Provided data below:

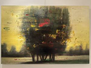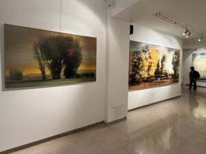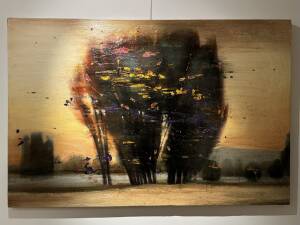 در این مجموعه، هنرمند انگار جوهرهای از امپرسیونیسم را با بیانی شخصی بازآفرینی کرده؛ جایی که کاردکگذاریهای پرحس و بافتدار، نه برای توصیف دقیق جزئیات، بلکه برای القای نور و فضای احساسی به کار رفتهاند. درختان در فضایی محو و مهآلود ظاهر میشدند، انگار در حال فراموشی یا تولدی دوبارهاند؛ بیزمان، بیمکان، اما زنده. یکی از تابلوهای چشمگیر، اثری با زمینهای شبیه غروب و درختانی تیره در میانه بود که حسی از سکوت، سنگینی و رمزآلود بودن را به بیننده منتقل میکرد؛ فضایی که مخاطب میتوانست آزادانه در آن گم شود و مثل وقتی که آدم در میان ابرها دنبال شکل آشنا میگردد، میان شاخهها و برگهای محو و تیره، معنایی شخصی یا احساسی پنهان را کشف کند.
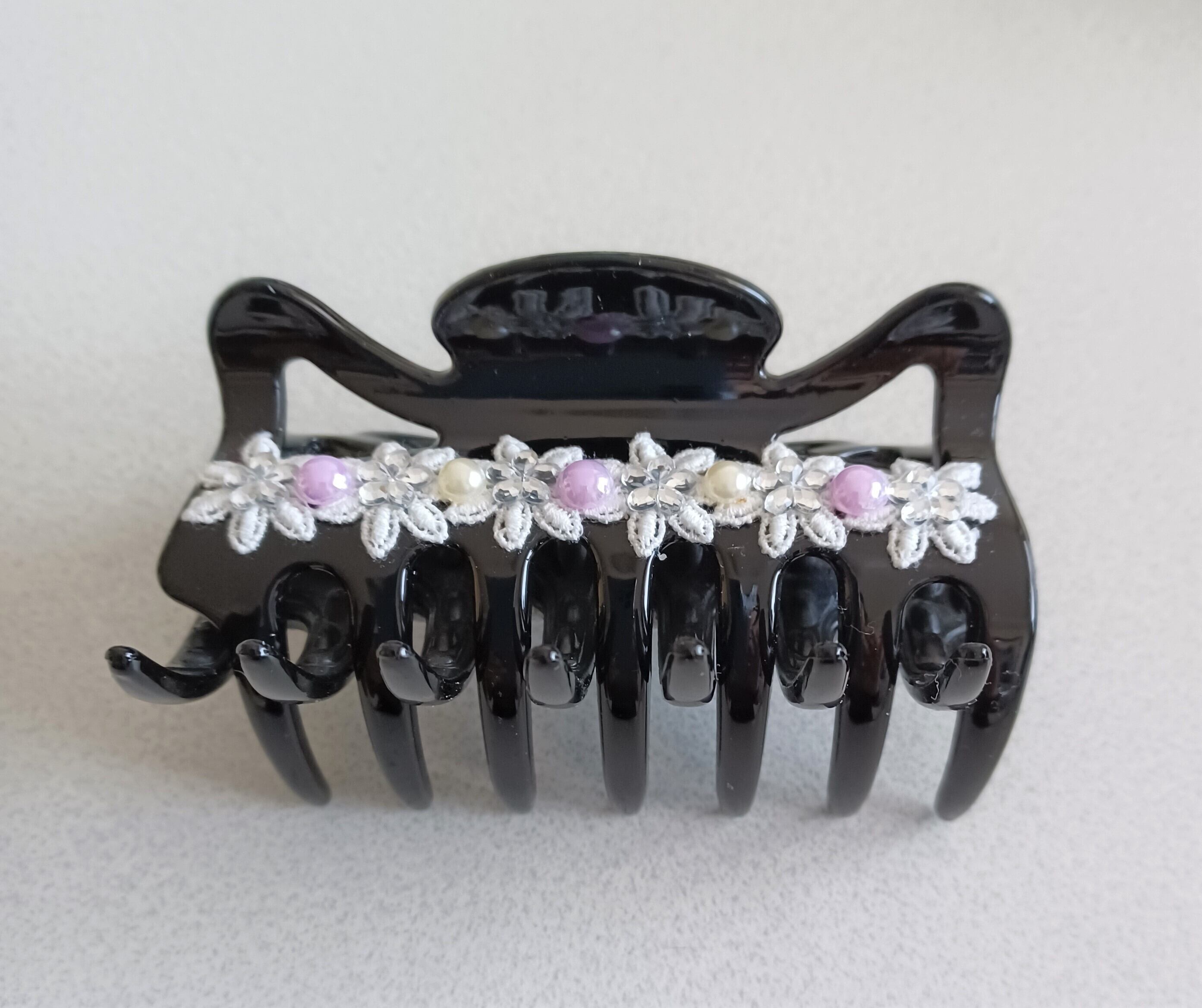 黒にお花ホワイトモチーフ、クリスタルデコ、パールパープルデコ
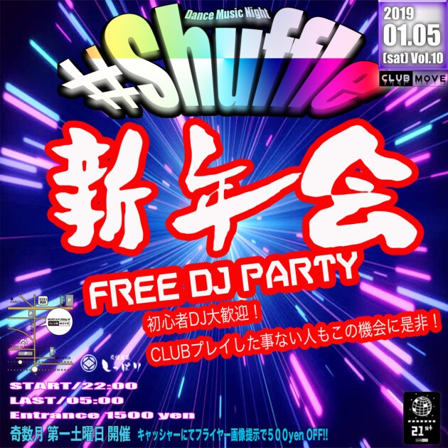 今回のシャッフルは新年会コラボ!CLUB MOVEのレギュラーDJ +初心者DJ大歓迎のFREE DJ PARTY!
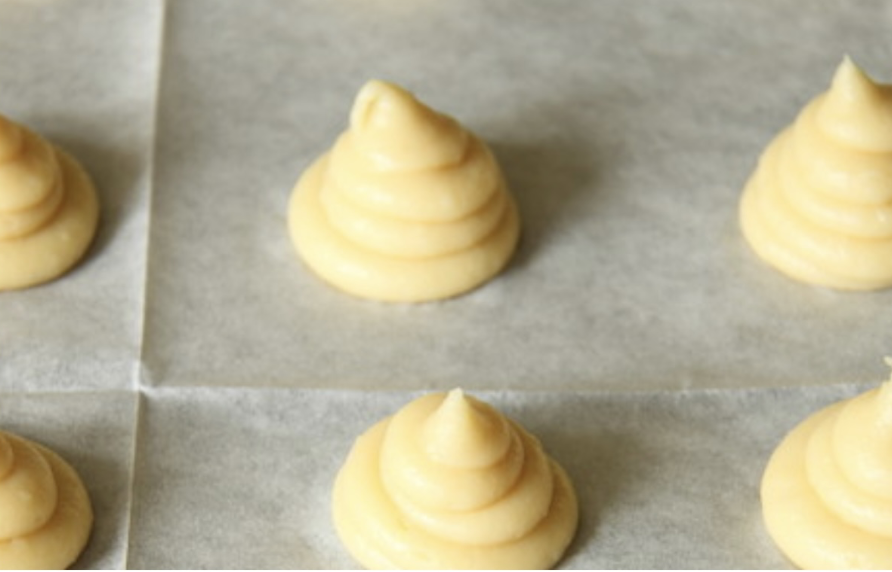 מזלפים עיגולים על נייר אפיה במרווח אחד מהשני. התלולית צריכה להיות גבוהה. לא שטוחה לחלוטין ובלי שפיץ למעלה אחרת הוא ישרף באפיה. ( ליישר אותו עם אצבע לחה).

End of Provided data.

What you need to do: Reproduce the data above line for line, excluding every picture.

Solved problem:
 در این مجموعه، هنرمند انگار جوهرهای از امپرسیونیسم را با بیانی شخصی بازآفرینی کرده؛ جایی که کاردکگذاریهای پرحس و بافتدار، نه برای توصیف دقیق جزئیات، بلکه برای القای نور و فضای احساسی به کار رفتهاند. درختان در فضایی محو و مهآلود ظاهر میشدند، انگار در حال فراموشی یا تولدی دوبارهاند؛ بیزمان، بیمکان، اما زنده. یکی از تابلوهای چشمگیر، اثری با زمینهای شبیه غروب و درختانی تیره در میانه بود که حسی از سکوت، سنگینی و رمزآلود بودن را به بیننده منتقل میکرد؛ فضایی که مخاطب میتوانست آزادانه در آن گم شود و مثل وقتی که آدم در میان ابرها دنبال شکل آشنا میگردد، میان شاخهها و برگهای محو و تیره، معنایی شخصی یا احساسی پنهان را کشف کند.
 黒にお花ホワイトモチーフ、クリスタルデコ、パールパープルデコ
 今回のシャッフルは新年会コラボ!CLUB MOVEのレギュラーDJ +初心者DJ大歓迎のFREE DJ PARTY!
 מזלפים עיגולים על נייר אפיה במרווח אחד מהשני. התלולית צריכה להיות גבוהה. לא שטוחה לחלוטין ובלי שפיץ למעלה אחרת הוא ישרף באפיה. ( ליישר אותו עם אצבע לחה).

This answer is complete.